Уоппинг еще раз посмотрел на бумаги и раздавил остаток сигары в хрустальной пепельнице.
— Хорошо. Отправь им всем письма. Скажи, что я сейчас крайне занят переговорами о реализации большого строительного проекта в Марселе. Они займут еще пару недель, а потом я вернусь в Лондон и лично сообщу им хорошие новости. — Уоппинг поднялся со стула и стряхнул с груди сигарный пепел. — Это немного сдержит их прыть.
— Надеюсь, что так, Билли. Надеюсь, что так.
Короткий, но крутой подъем вел от Старого порта к величественному комплексу зданий Вьей-Шарите, или просто — Богадельне, как называли его в Марселе. Она была построена уроженцем Марселя Пьером Пюже, придворным архитектором Людовика XIV, и Патримонио решил, что это будет самой подходящей площадкой для приема. На этот вечер намечалось что-то вроде премьеры: впервые три макета — Сэма и его соперников — будут выставлены на публичное обозрение, и Сэм желал лично убедиться, что его макет установлен как следует.
Он поднимался к Богадельне по крутым узким улочкам старинного квартала Панье, где в 1620 году и родился архитектор Пюже (по странному совпадению окна его бывшего дома выходили на боковой фасад архитектурного шедевра, который он построит пятьдесят лет спустя).

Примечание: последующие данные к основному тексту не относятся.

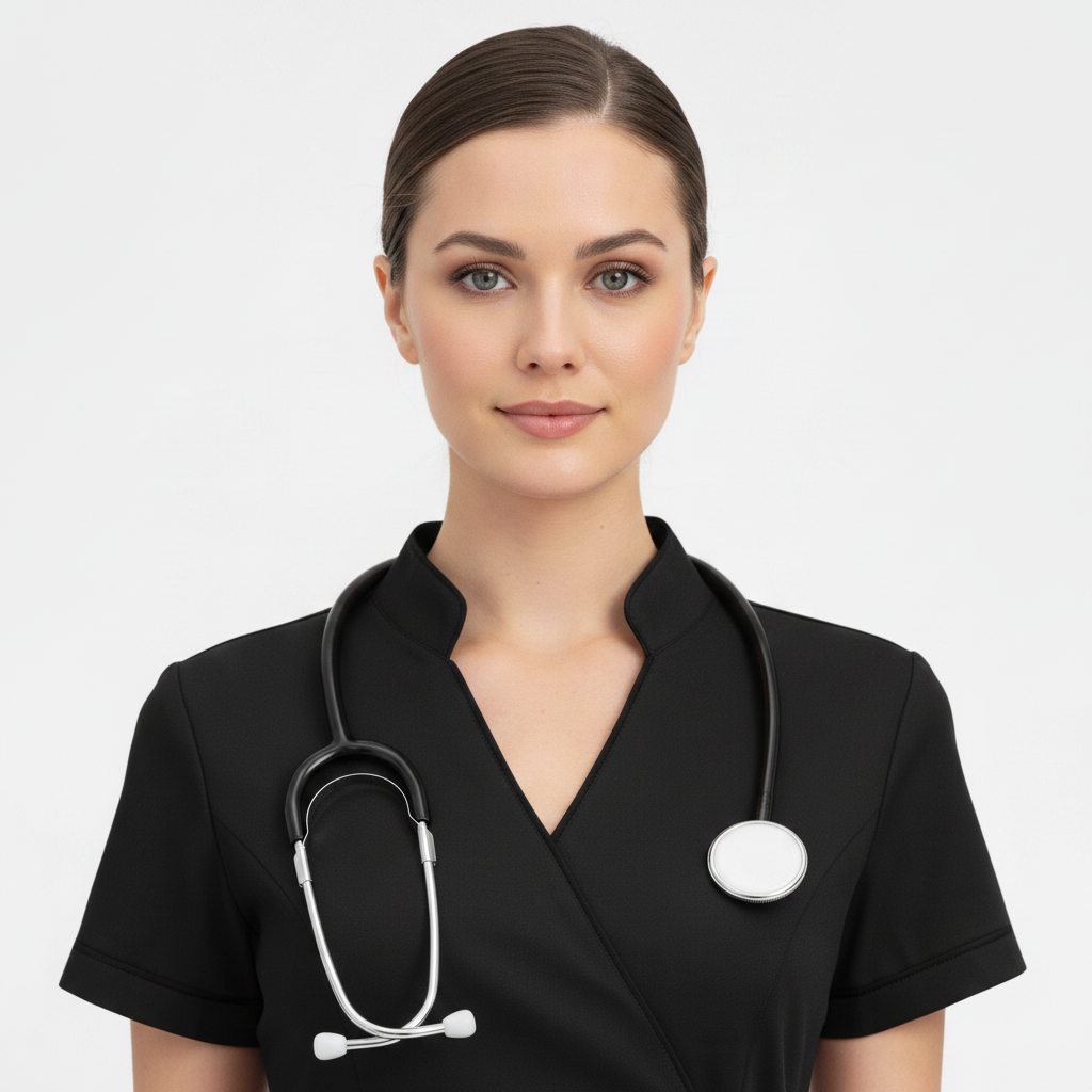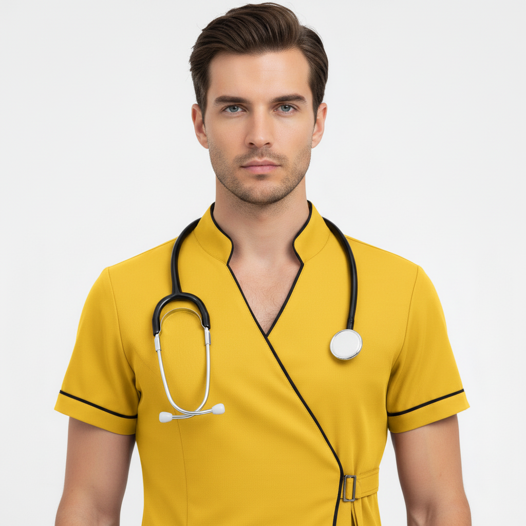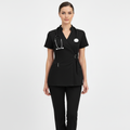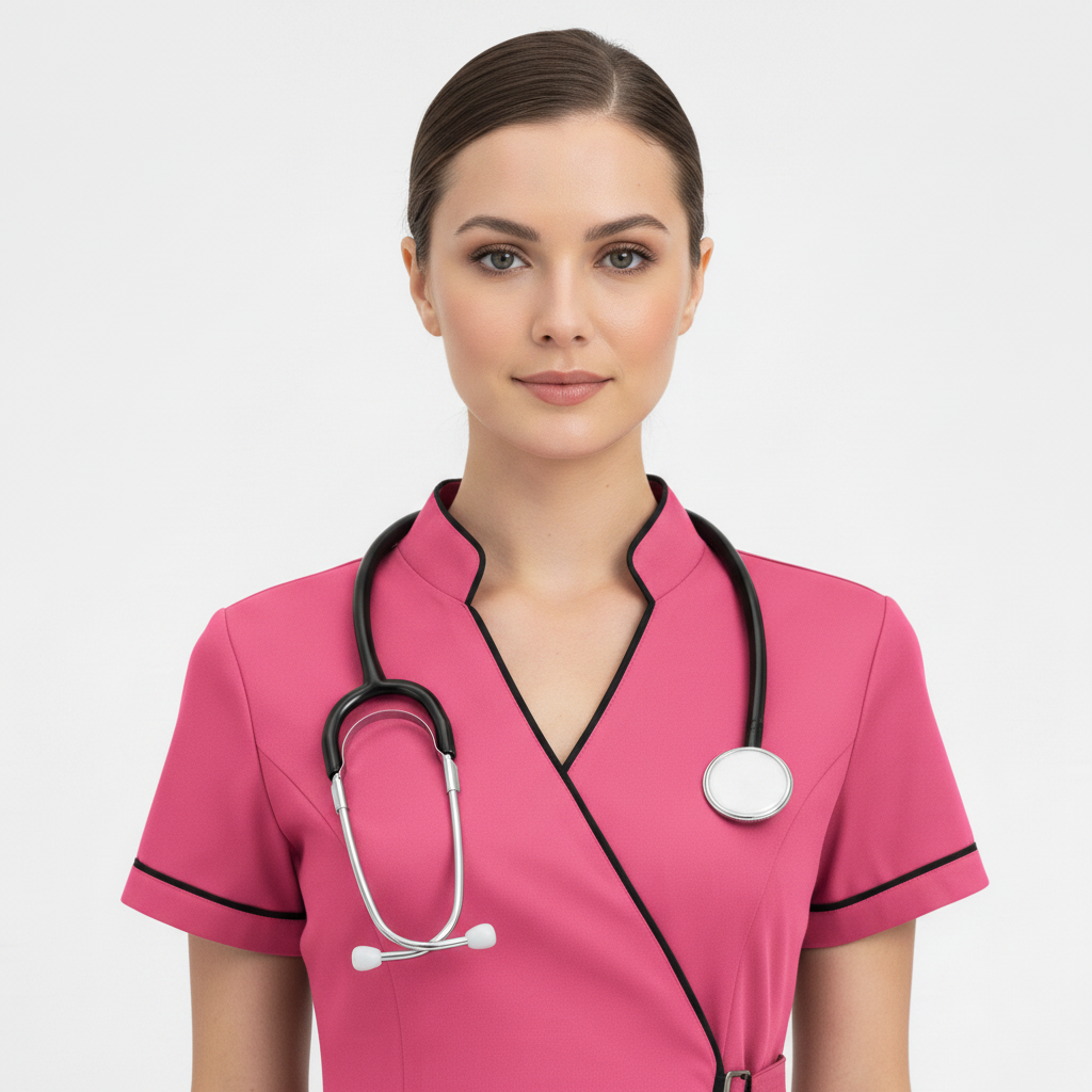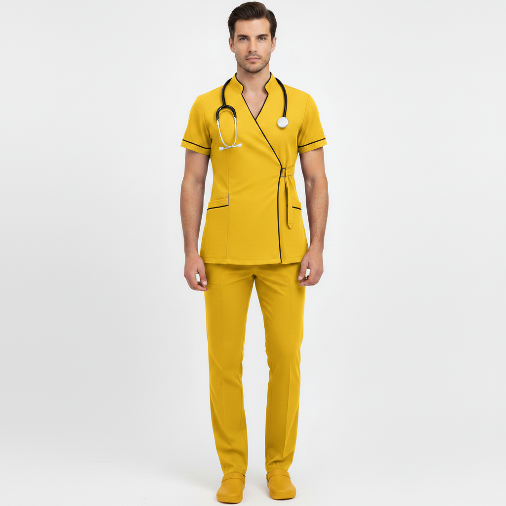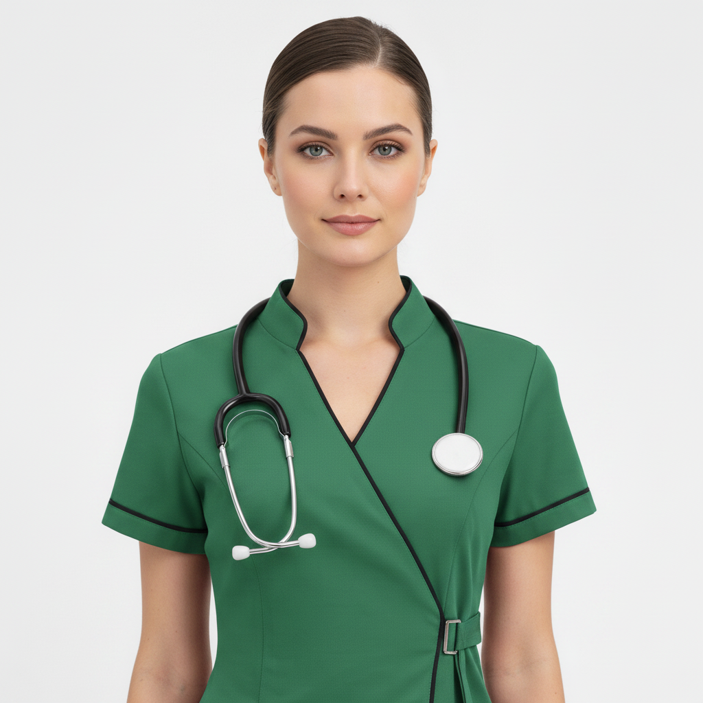 Product Overview A modern, clinical-chic uniform featuring a unique side-buckle closure. This design blends traditional professional style with a contemporary, high-fashion edge, perfect for those who want a standout look in the clinic.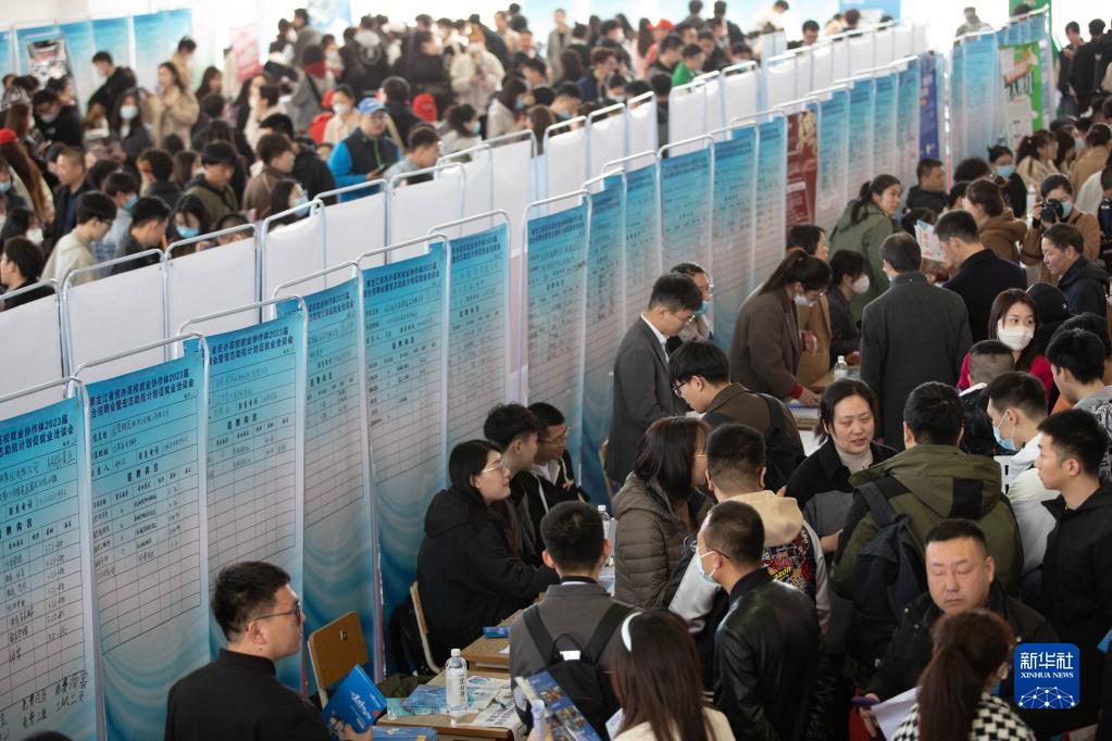 8日、就職説明会に参加した求職者。(ハルビン=新華社記者/張濤)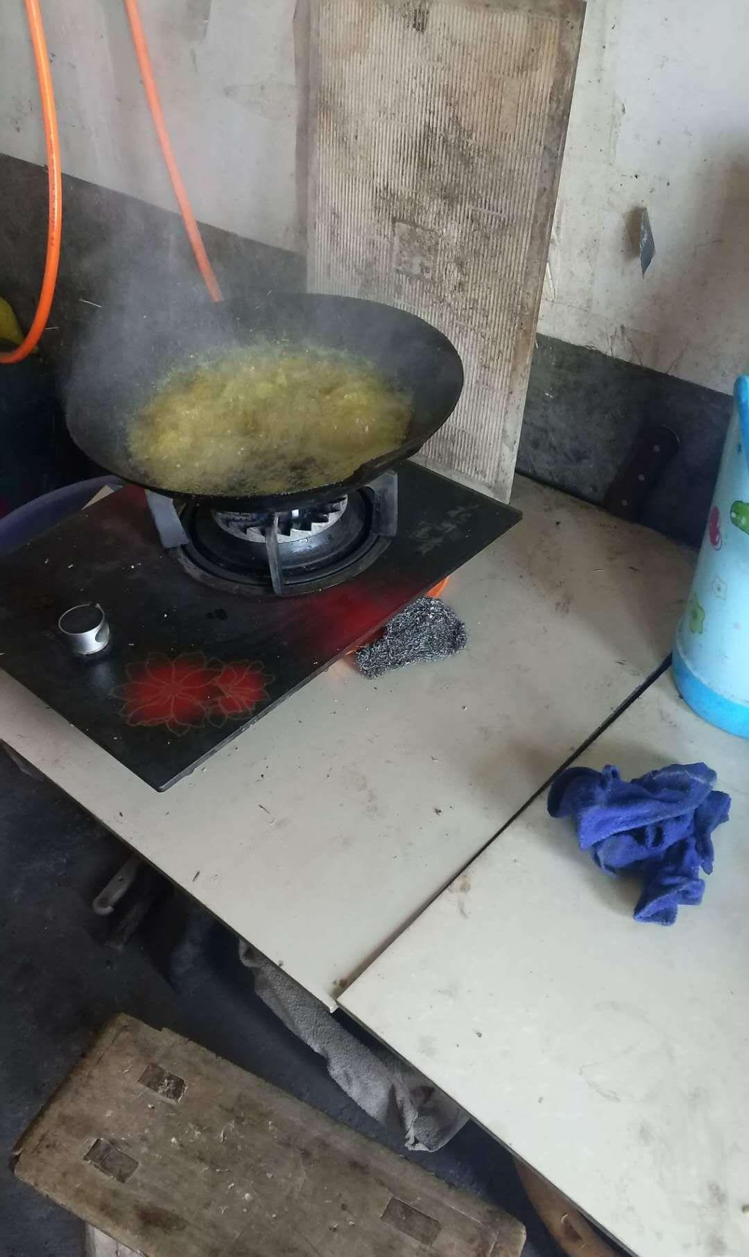 木姜油的制作过程,不加其他配料,纯木姜油,清水泡30分钟清洗干净。把适量的植物油到锅里烧好。
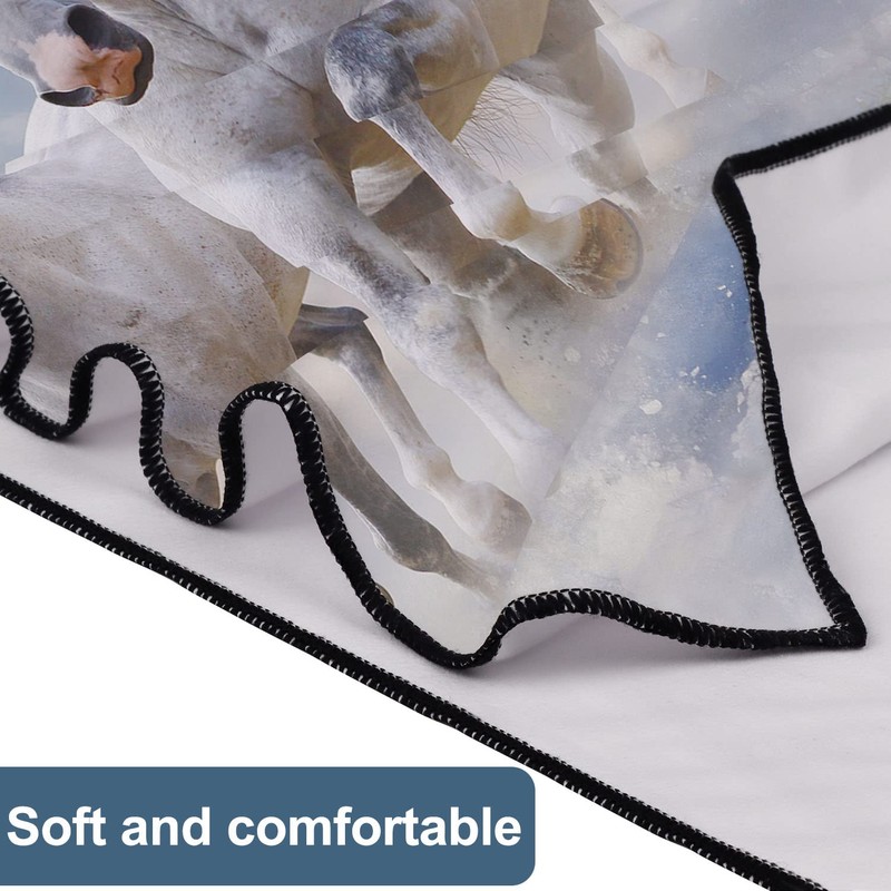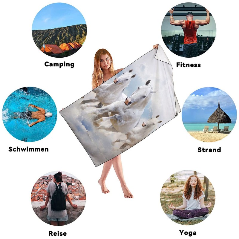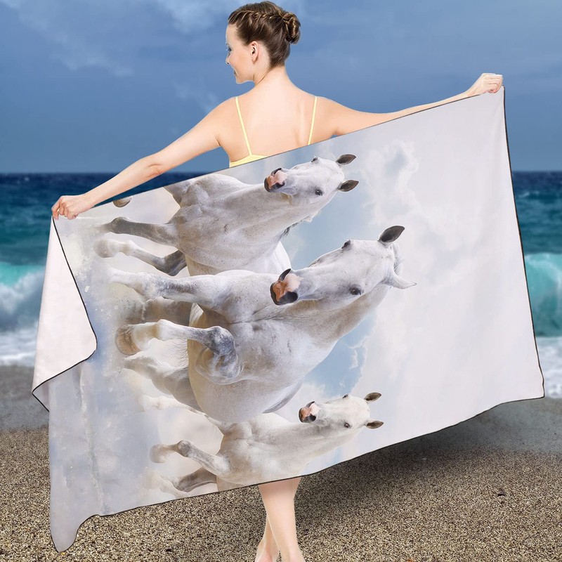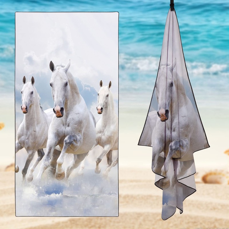 Zomer Beach Towel Large 90 x 180 cm Quick-Drying Microfibre Printed with White Horse Motif
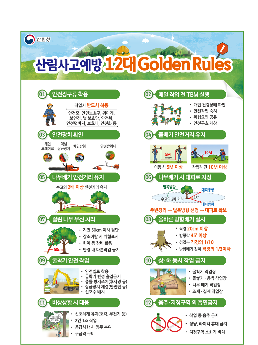 아울러, 기존 산림사업 안전관리 설명서를 안전사고가 자주 발생하는 고위험작업 중심으로 개정하고, 산림사업 시 반드시 지켜야 할 12대 안전 수칙(Golden Rules)을 그림 자료로 만들어 제공함으로써 산림사업 근로자가 안전사고 예방법을 쉽고 빠르게 이해할 수 있도록 하였다.

По дороге Сэм припомнил несколько исторических фактов, почерпнутых из разговоров с Ребулем.
Несмотря на название, изначально Вьей-Шарите использовалась скорее как тюрьма, куда силой стаскивали нищих, попрошаек и бродяг, наводнявших в те времена улицы Марселя. Ситуация была до того угрожающей, что весь город напоминал гигантский Двор чудес — традиционный термин для обозначения трущоб. Наконец богатые марсельские купцы решили, что больше с этим мириться нельзя: криминальная обстановка становилась помехой для бизнеса. Поэтому всех сомнительных личностей собрали в кучу и заперли, а после стали использовать как бесплатную рабочую силу. Вот и вся благотворительность.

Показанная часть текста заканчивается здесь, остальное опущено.